Assuming we already initialized our assistant, we’ll iterate over each question, generate an answer, and then evaluate it:

import requests
from pinecone_plugins.assistant.models.chat import Message

for qa in qa_data:
    chat_context = [Message(content=qa["question"])]
    response = assistant.chat(messages=chat_context)
    
    answer = response.message.content
    
    eval_data = {
        "question": qa["question"],
        "answer": answer,
        "ground_truth_answer": qa["ground_truth_answer"]
    }

    response = requests.post(
        "https://prod-1-data.ke.pinecone.io/assistant/evaluation/metrics/alignment",
        headers={
            "Api-Key": os.environ["PINECONE_API_KEY"],
            "Content-Type": "application/json"
        },
        json=eval_data
    )

After formatting the results we can see the following:

Question	Correctness	Completeness	Alignment	# Evaluated Facts
What are Netflix’s reportable business segments?	1.0000	1.0000	1.0000	2
What competitive threat does Netflix face that is unique to international markets?	1.0000	0.8000	0.8889	5
What are Netflix’s goals for its Domestic Streaming segment contribution margin by 2020?	1.0000	1.0000	1.0000	1

Understanding evaluation metrics

Correctness: This metric evaluates the accuracy of the assistant's answer compared to the ground truth. A higher score indicates better alignment with the factual content of the ground truth, while lower scores reveal conflicting or inaccurate information in the response.
Completeness: This metric measures how thoroughly the assistant's answer covers the necessary details in the ground truth answer. A high completeness score indicates a comprehensive answer, while a lower score suggests omissions of important information.
Alignment: This combined score reflects both correctness and completeness. High alignment signifies an answer that is both accurate and thorough, whereas lower alignment indicates issues with either accuracy, completeness, or both.
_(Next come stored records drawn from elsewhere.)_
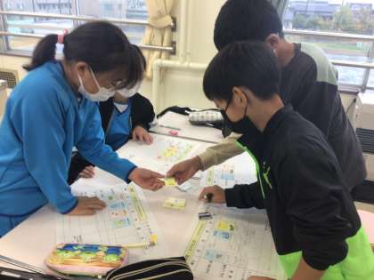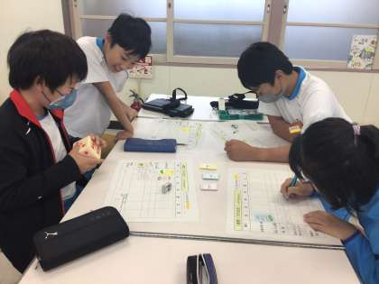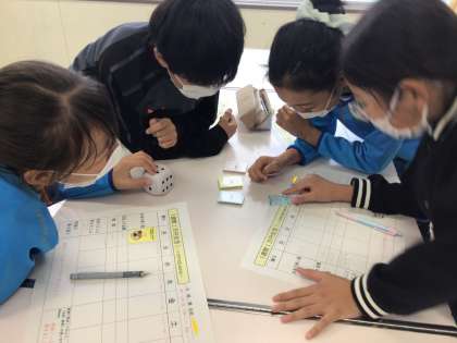 家計維持の疑似体験をするゲームを行いました。サイコロの目によって「買わなきゃ!カード」「どうしようかな?カード」「アクシデント!カード」を引き、10,000円をどのように使っていくか考えるものです。今回は、0円に一番近い人が⭕️。実生活でも、限られた予算を有効に使おうと考えられると良いですね。節約も大事。でも消費しないと家庭生活が成り立たない。その辺りのバランスが大事だと気づくことができた子が多くいました。家庭での消費生活に役立ててくれたら幸いです。
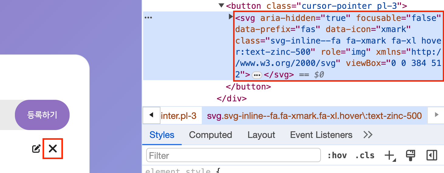import { FontAwesomeIcon } from '@fortawesome/react-fontawesome'; // 여러 아이콘을 사용하고 싶다면 ,로 구분해서 추가해주기 import { faXmark, faPenToSquare } from '@fortawesome/free-solid-svg-icons';사용하고 싶은 아이콘의 이름은 FontAwesome 사이트에서 검색 → React 탭의 Individual import에서 확인이 가능하다. (기본 이름을 확인하고 에디터에서 미리보기를 활용하여 import 하는 것도 가능하다.)
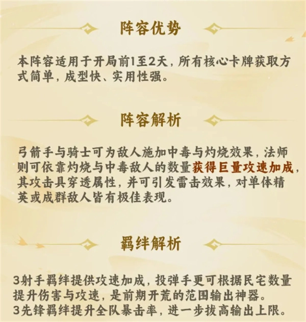 阵容优势:这套阵容适合开局初期的1到2天使用,核心卡牌都很容易获取,能快速成型且实用性突出。
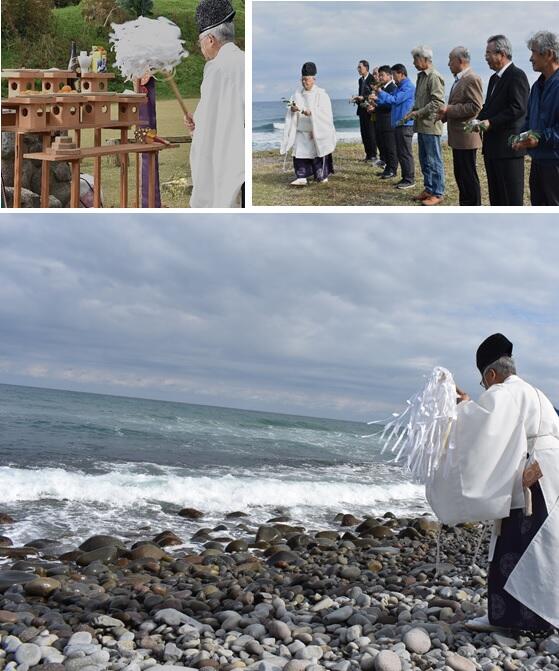 2025年11月20日 りゅうぐんさん ◆◆ りゅうぐんさん ◆◆ ✻海の神さまの大綿津見神(おおわたつみ)のお祭りをご奉仕させ ✻ていただきました。 ✻箆津(のつ)灘にお祀りされた「りゅうぐんさん」の1年に1回 ✻のお祭りです。 ✻海の恩恵に感謝し、海洋国家日本の繁栄を祈願しました。 ✻参列者の方に神饌の12個のみかん、お米、酒を大海原に捧げ、玉 ✻串を奉り拝礼、滞りなく神事を執り納めました。 ✻同時に美保関沖事件(昭和2年)で亡くなられた将校たち119柱の ✻慰霊祭も斎行しました。 ✻穏やかな大海原でした。 「社務日誌」カテゴリの最新記事 < 前の記事次の記事 >
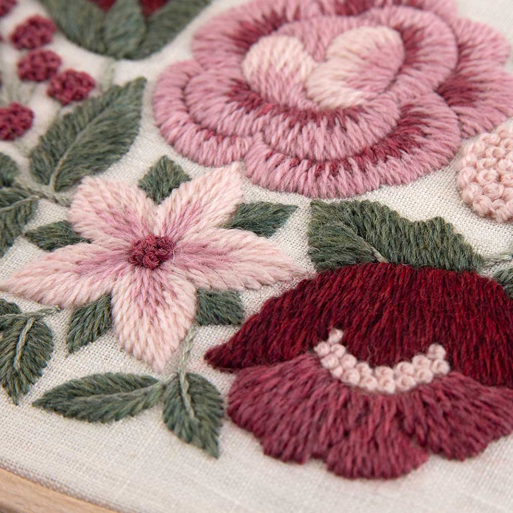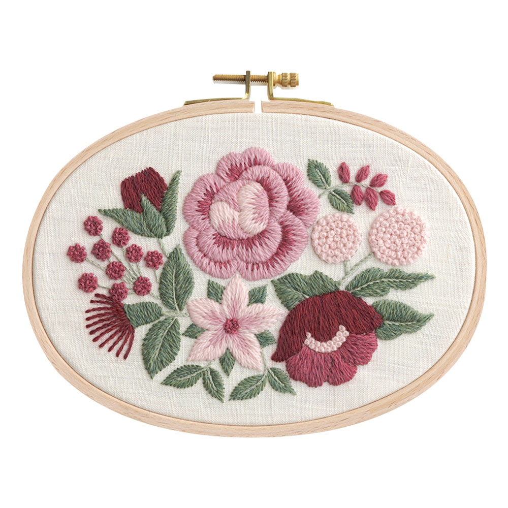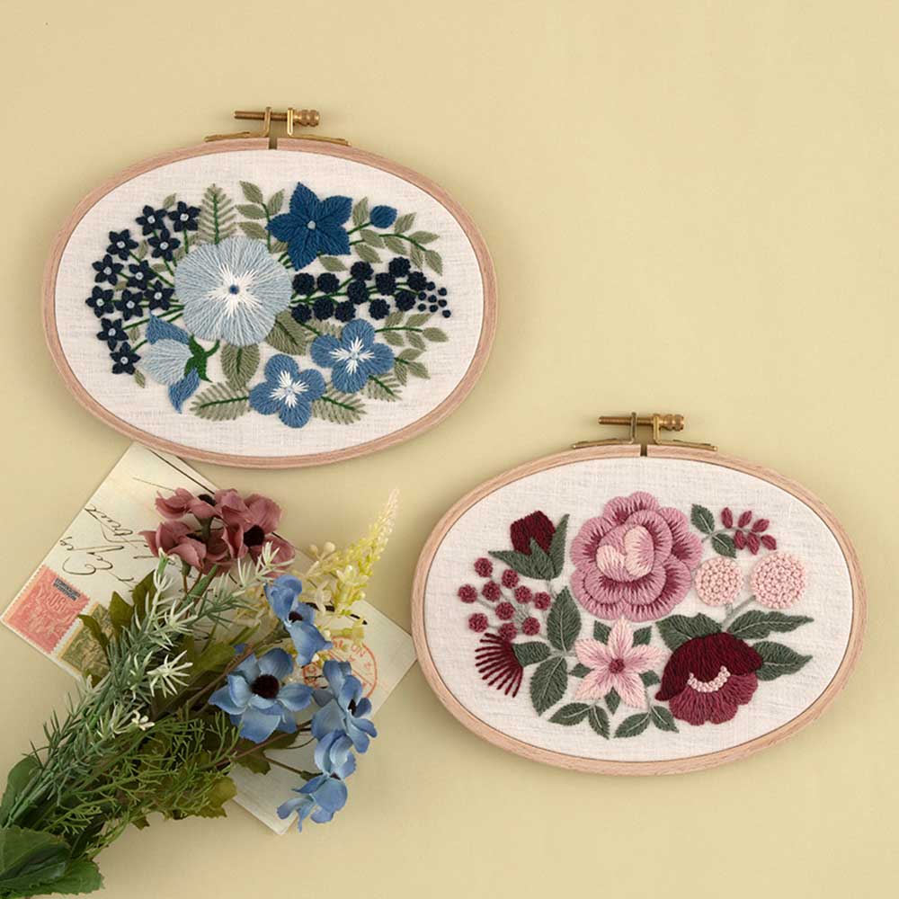 「赤は情熱、ピンクは陽気さを、黄色は爽やかに、オレンジは素朴、青は瑞々しく、そして紫は儚さを。色の持つ性格や特徴、感覚を花束に仕立ててオーバル型の刺しゅう枠に詰め込みました。ウール糸と25番糸の相性の良い組み合わせは、立体感をより際立たせ魅力をましています。糸の持つあたたかな質感と自然から生まれた染色を、ぜひ体感して頂ければと思います。刺しゅうを暮らしの中に取り入れて、心豊かになれる刺しゅう時間をどうぞお過ごしください。」
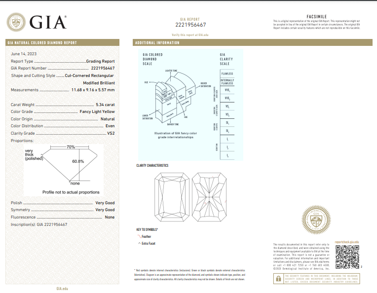 • 5.34 Carat Fancy Light Yellow Elongated Radiant Cut Center Diamond

We will also get detailed an entailment analysis for each response: Each fact from the assistant's response is assessed individually for alignment with the ground truth answer.

Entailment Status: The API categorizes each evaluated fact under one of three entailment statuses:
- Entailed: The fact aligns with the ground truth and is correct.
- Contradicted: The fact conflicts with the ground truth, indicating inaccuracy or misleading information.
- Neutral: The fact neither supports nor contradicts the ground truth; it may be an extra, irrelevant detail or relevant but unnecessary for the correct answer.
Fact-Based Reasoning: By examining individual facts, the reasoning section offers a focused view of the response's accuracy and completeness. This enables users to pinpoint areas for improvement, such as removing incorrect statements or adding necessary details to enhance completeness and alignment.

Here’s an example entailment analysis for our evaluation:

Summary

Pinecone's Assistant API provides a comprehensive toolkit for developers to create smarter, more accurate, and customized AI applications. The Chat API now offers precise citation control, custom instructions for behavior tailoring, and metadata filtering for improved relevance. Additionally, the Evaluation API serves as a powerful tool for assessing performance. With these advancements, developers can build and refine AI assistants that deliver exceptional user experiences across diverse applications while significantly accelerating the development process for AI-powered applications.